Thanks, Theory, and hope the ankle's on then mend.

What other knives do you have in your rotation? Wondering how people would rate the G.Hide compared to others.


----------



## jared08

Im still pretty new to knives and have only used a handful, but i would put this at the top of the list! I greatly enjoyed using it, even more so than my Watanabe..(is that a sin?) Its a great cutter, I used it at work tues-fri for everything I do and it held its edge with only stropping once a day. I enjoyed the profile of the blade, being mostly flat and having a bit of belly close to the tip. Grind was very nice, seemed to glide through pretty much everything being cut. It was Thicker behind the edge than my watanabe but cut better in almost every aspect, food release was better as well.. Thats about all i got for now, interested in more just ask. 
Again, thanks pitonboy!

Jared


----------



## Patatas Bravas

Not a sin at all, I'd say. In fact, I'm pretty sure the maker Hide has a much bigger rep in Japan than Watanabe - though probably in the west not the east. Actually, I know less about Watanabe, but have been under the impression that he's known in KKF parts because for a while as he's had his own English-lang website up. Still unusual for Japanese makers, hence the rep around here.


----------



## chinacats

Any word?


----------



## skiajl6297

I've got it. Just had a baby. Will be using this weekend and then it'll be on it's way. Chinacats - can you PM me your address? Will let you know when it is en route.


----------



## chinacats

Knife arrived safe and sound today. Unfortunately my schedule is going to be very busy this and the following week and am going to have to send it on without getting to check it out. Knife will go out tomorrow to ER.


----------



## EdipisReks

Got it, safe and sound. There is some surface rust on the knife, and it's gotten a bit thick behind the edge. I'll take care of the former, but I'm hoping that the latter isn't a big enough problem to require attention yet. Won't know until I use it!


----------



## mpukas

What's happening with this pass around? Is this the knife Jon has just posted in his sub-forum? Just curious, because we haven't heard anything about it in 3 1/2 +/- months.


----------



## ThEoRy

I'll say this, after my experience with the blade I purchased one of my own.


----------



## EdipisReks

I returned it to Pitonboy, as the knife had become very thick over the pass around period, and it needed work.


----------



## Chuckles

I hope this pass around is back on! 

'Cause I believe I am next in line. :crossfingers:


----------



## mpukas

Thanks for the update, J. 

I too would like to see the pass around continued, as I would really like to to see a Hide in person. But I completely understand if Pitonboy wants to not continue as it will probably get beat up again. 
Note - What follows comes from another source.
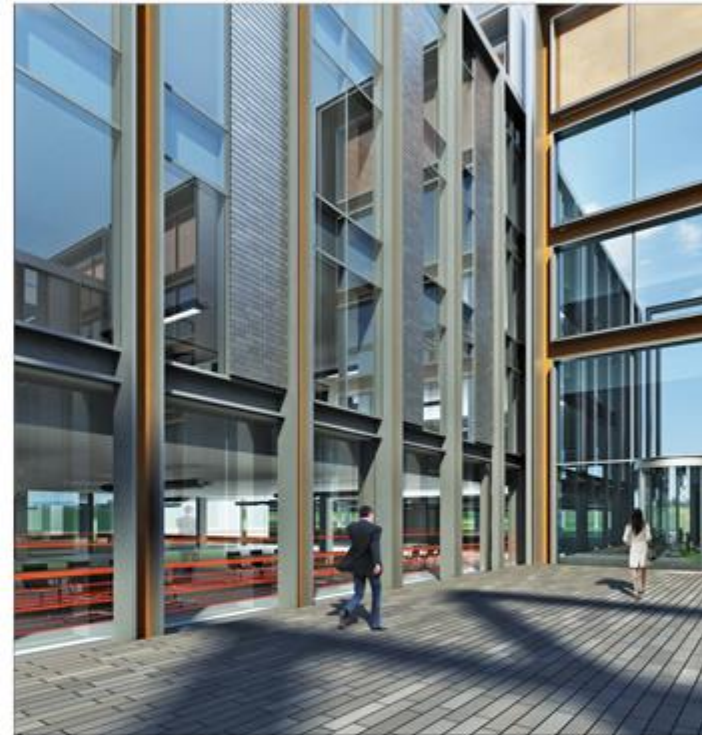
CGI 06 - Main entrance detail

NOTE: INDICATIVE CGI-FOR INFORMATION ONLY.

Just sayin' - whenever I use some one else's gear - what ever it is - I always treat it with far more care and respect than I do even my own. If someone is gracious enough to lend me one of their own valued possessions, it's the least I can do to return it it's original condition. Now I'm not trying to say anyone is at fault, or to try and convince Pitonboy to continue the pass around, like I said, I'm just sayin'. 

Peace and good karma to all! -


----------



## mpukas

ThEoRy said:


> I'll say this, after my experience with the blade I purchased one of my own.



Rick - which one did you get, and what's the profile like?


----------



## ThEoRy

mpukas said:


> Rick - which one did you get, and what's the profile like?



I got one second hand with an ebony handle. I think it was the original profile but Jon would have to confirm. It was a bit thicker than most so I thinned it down to under 110 grams. Cuts really well but doesn't look OG.


----------



## stereo.pete

ThEoRy said:


> I got one second hand with an ebony handle. I think it was the original profile but Jon would have to confirm. It was a bit thicker than most so I thinned it down to under 110 grams. Cuts really well but doesn't look OG.



What do you mean when you say the knife, "Cuts really well but doesn't look Original Gangster?" :spin chair:


----------



## ThEoRy

Well, it cuts super nice and all but the finish is now a scotch brite satin as opposed to the original gangster kasumi finish. In addition the kanji is all goodbye and stuff.


----------



## wenus2

I thought maybe you just pulled its pants up....


----------



## panda

i recently got my own passaround knife back and it was thick as hell too, been sharpened plenty of times but nobody bothered to thin along the way. that's kind of expected though wouldn't you say? i mean, you're going to want to test out the steel and thinning can be intimidating to most i'd imagine especially on a knife that costs a lot.


----------



## jgraeff

panda said:


> i recently got my own passaround knife back and it was thick as hell too, been sharpened plenty of times but nobody bothered to thin along the way. that's kind of expected though wouldn't you say? i mean, you're going to want to test out the steel and thinning can be intimidating to most i'd imagine especially on a knife that costs a lot.



If your referring to the tanaka, I did notice this, however I wasn't sure of that was acceptable and wouldn't do that to someone's knife. I normally barely touch knives in pass around to preserve the steel and keep existing bevels.

If I get another from you id def. help out though 

I'm bummed i missed this one as well.


----------



## labor of love

Did this pass around end early?


----------



## heldentenor

I think so--I sent it back to Ben after my turn because I didn't know where we were in the list.


----------